Washing your bike can be a great way to inspect your bike and prevent future damage. You can also check for wear on the chain, inspect the tread of your tires, and look for oil leaks. Washing your motorcycle is a smart idea for all regular riders. A shiny bike is a great look!

What Not to Do

First, you need to realize that washing your car and your motorcycle are two different things. Cars are more protected from high-pressure hoses, powerful detergents, and other harsh chemicals. Motorcycles are more sensitive. Before you go and grab your car wash bucket, here are some things to avoid:

  • Use a different detergent for your motorcycle than you would for your car. Use a cleaner that is specifically designed for motorcycles.
  • Do not wash your bike if it is hot. It is best to wash your bike when it’s cool.
  • Avoid washing your bike in direct sun. It will dry soap faster and make it harder to rinse.
  • Use a low-pressure hose. It is possible to cause engine problems by allowing water into the engine.

These warnings are important to remember. Below is our guide on how to wash your motorcycle correctly.

What you’ll need

  • Motorbike-specific cleaners can be found online, in motorcycle shops and most auto parts shops.
  • Use an adjustable spray nozzle to hose
  • Sponge
  • Brushes (soft and stiff versions)
  • Rags
  • Chamois or microfiber fabric
  • Chain lube

Step 1: Prepare Your Motorcycle

Before you start, make sure to inspect your motorcycle and verify that all electrical connections, spark plug wires, or other components are secure. To prevent water from entering your exhaust system, use a rag to plug the hole in your exhaust pipe. You should remove any bags and other accessories that could cause your bike to become dirty.

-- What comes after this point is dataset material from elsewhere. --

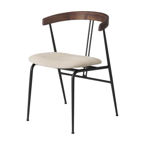 GUBI chaise avec accoudoirs et coussin VIOLIN (Cat. A Gabriel Tempt 61168 - Tissu, noyer américain huilé et acier peint en noir)

Step 2: Rinse the entire thing

Your bike should be rinsed with a low-pressure hose. You can adjust the pressure to reach less sensitive and dirtier areas, like the wheels or fenders.

Step 3: Cleaner

Some motorcycle cleaners don’t require scrubbing. Spray them on and let them sit for a while before you rinse. This part is easy if you have the right cleaner, but you don’t feel ambitious. Use a sponge to clean your bike if you don’t have that type of cleaner. Always work from the top, starting with the dirtiest areas. You’ll typically want to begin with easily scratched surfaces. To keep your sponge clean and free of debris, rinse it often. Consider getting a second bucket if you use a bucket to wash your suds.

Step 4: Reach hard-to-reach areas

Brushes can be used to clean those difficult areas or to scrub extra hard-to-reach places. For sensitive parts of your engine, you can use a simple paintbrush like the one you would use to paint your home. Stiff brushes are more effective for removing grime from your tires and wheels.

Step 5: Rinse

Start at the top and give your bike a good rinse using a low-pressure setting. Don’t hesitate to increase the pressure on less sensitive areas.

Step 6: Dry

To dry your bike, use a microfiber cloth or a chamois. Begin with the painted surface of the gas tank and work your way up to the engine, seat, wheels, exhaust, and engine. To avoid removing dirt and dust, make sure to change your cloth often. If it is available, a chamois can be used for the first pass. It absorbs water and then quickly wrings out for the second pass.

Step 7: Re-Lube your Chain

The job of a motorcycle cleaner is to remove grease and grime. But there’s one area on your bike that you want the grease to stick: the chain. After drying your bike, apply lubricant all around the chain.

Step 8: Take a ride

After it has dried completely, you can take the ragout from the exhaust and ride your bike to rid it of any water that may have accumulated in places it shouldn’t. Remember that wet brakes can take time to dry and feel normal. Start slowly before moving onto the highway.